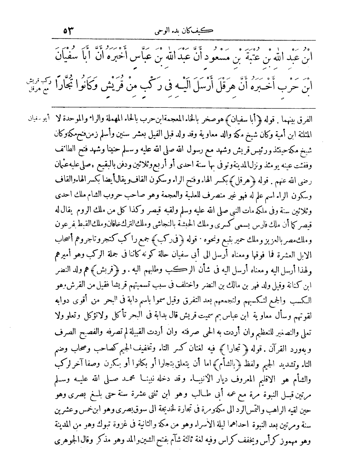 الفرق بينهما قوله: ((أبا سفيان)) هو صخر بالخاء المعجمة ابن حرب بالحاء المهملة والراء والموحدة لا المثلثة ابن أمية وكان شيخ مكة والد معاوية وقد ولد قبل الفيل بعشر سنين وأسلم زمن فتح مكة وكان شيخ مكة حينئذ ورئيس قريش وشهد مع رسول الله صلى الله عليه وسلم حنينا وشهد الطائف وفقئت عينه يومئذ ونزل المدينة وتوفي بها سنة إحدى أو أربع وثلاثين ودفن بالبقيع وصلى عليه عثمان رضي الله عنهم 0قوله: ((هرقل)) بكسر الهاء وفتح الراء وسكون القاف ويقال أيضا بكسر الهاء والكاف وسكون الراء اسم علم له فهو غير منصرف للعلمية والعجمة وهو صاحب حروب الشام ملك إحدى وثلاثين سنة وفي ملكه مات النبي صلى الله عليه وسلم ولقبه قيصر وكذا كل من ملك الروم يقال له قيصر كما أن ملك فارس يسمى كسرى وملك الحبشة بالنجاشي وملك الترك خاقان وملك القبط بفرعون وملك مصر بالعزيز وملك حمير يتبع ونحوه 0قوله: ((في ركب)) جمع راكب كتجر وتاجر وهم أصحاب الابل العشرة فما فوقها ومعناه ... أرسل في شأن الركب وطلبهم إليه0و ((قريش)) هم ولد النضر ابن كنانة وقيل ولد فهر بن مالك بن النضر واختلف في سبب تسميتهم قريشا فقيل من القرش 0هو الكسب والجمع لتكسبهم ولتجمعهم بعد التفرق وقيل سموا باسم دابة في البحر من أقوى دوابه لقوتهم وسأل معاوية ابن عباس بم سميت قريش قال بدابة في البحر تأكل ولا تؤكل وتعلو ولا تعلى والتصغير للتعظيم وان أردت به الحي صرفته وإن أردت القبيلة لم تصرفه والفصيح الصرف وبه ورد القرآن 0قوله: ((تجارا)) فيه لغتان كسر التاء وتخفيف الجيم كصاحب وصحاب وضم التاء وتشديد الجيم ولفظ ((بالشأم)) اما أن يتعلق بتجارا أو بكانوا أو يكون وصفا آخر لركب والشأم هو الاقليم المعروف ديار الأنبياء وقد دخله نبينا محمد صلى الله عليه وسلم مرتين قبل النبوة مرة مع عمه ابي طالب وهو ابن ثنتي عشرة سنة حتى بلغ بصرى وهوحين لقيه الراهب التمس الرد إلى مكة ومرة في تجارة لخديجة إلى سوق بصرى وهو ابن خمس وعشرين سنة ومرتين بعد النبوة احداهما ليلة الاسراء وهو من مكة والثانية من غزوة تبوك وهو من المدينة وهو مهموز كرأس ويخفف كراس وفيه لغة ثالثة شآم بفتح الشين والمد وهو مذكر وقال الجوهري
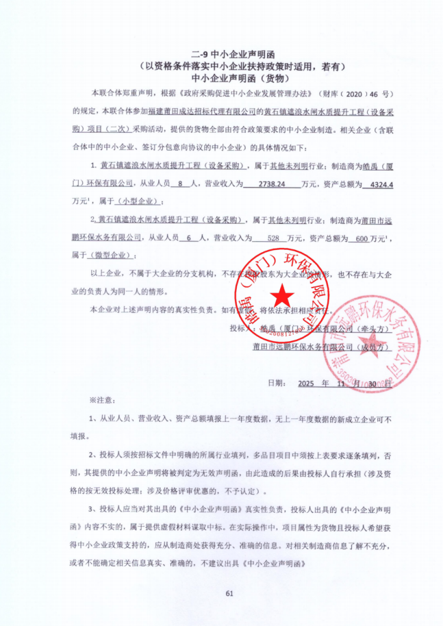 附:中小企业声明函
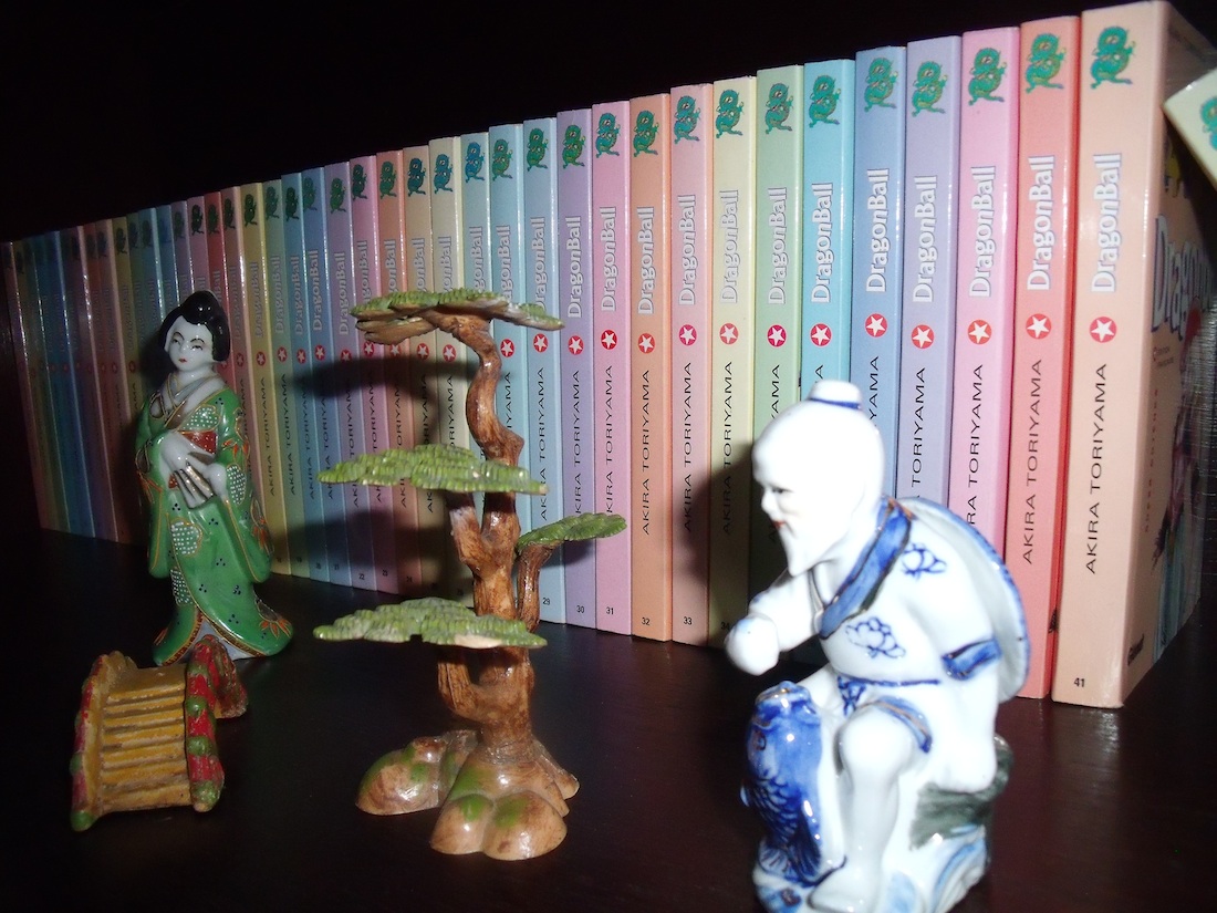 Il s'agit de la collection des BD de Dragon Ball de M. Isis, qui se trouve dans une vitrine, agrémentée de bibelots au parfum d'Asie. J'ajoute que je n'ai rien touché pour la photo : tout se trouvait déjà tel quel.
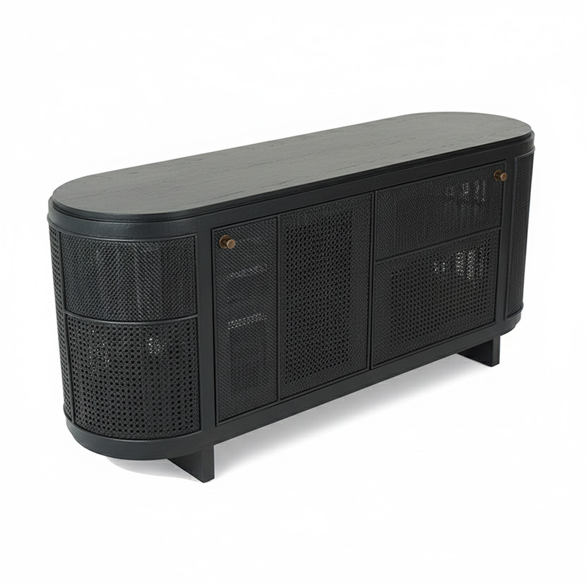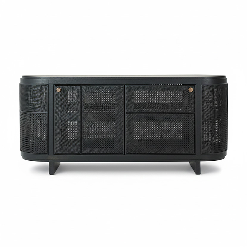 - Mahogany wood surfaces with accents in hand-woven rattan to add texture and visual interest
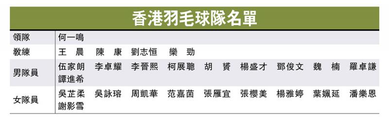 本屆出戰全運會的香港代表團陣容龐大,代表團成員多達248名運動員,以及102名工作人員和醫護人員共350人。除了備受注目的項目如單車、馬術及田徑外,港團尚有參加其餘18個項目,當中羽毛球及乒乓球就各以不同心態應戰,香港羽毛球隊派出多達25人的教練職球員陣容出戰,其中選手20名,為歷屆之冠。至於香港乒乓球隊則「貴精不貴多」僅派三名球員(連同教練共五人)上陣。港羽隊在男女子團體及五個單項皆能入圍全運正賽,出戰人數為歷屆之最,以老將「黑妹」葉姵延及「一哥」伍家朗帶領下,港羽隊將全力爭取獎牌。\大公報記者 梁潤森

__What you need to do__. Write out exactly the lines from the one containing "Il s'agit de" through the last line of the records above, both ends included, and leave out any pictures.

__Your response__.
 Il s'agit de la collection des BD de Dragon Ball de M. Isis, qui se trouve dans une vitrine, agrémentée de bibelots au parfum d'Asie. J'ajoute que je n'ai rien touché pour la photo : tout se trouvait déjà tel quel.
 - Mahogany wood surfaces with accents in hand-woven rattan to add texture and visual interest
 本屆出戰全運會的香港代表團陣容龐大,代表團成員多達248名運動員,以及102名工作人員和醫護人員共350人。除了備受注目的項目如單車、馬術及田徑外,港團尚有參加其餘18個項目,當中羽毛球及乒乓球就各以不同心態應戰,香港羽毛球隊派出多達25人的教練職球員陣容出戰,其中選手20名,為歷屆之冠。至於香港乒乓球隊則「貴精不貴多」僅派三名球員(連同教練共五人)上陣。港羽隊在男女子團體及五個單項皆能入圍全運正賽,出戰人數為歷屆之最,以老將「黑妹」葉姵延及「一哥」伍家朗帶領下,港羽隊將全力爭取獎牌。\大公報記者 梁潤森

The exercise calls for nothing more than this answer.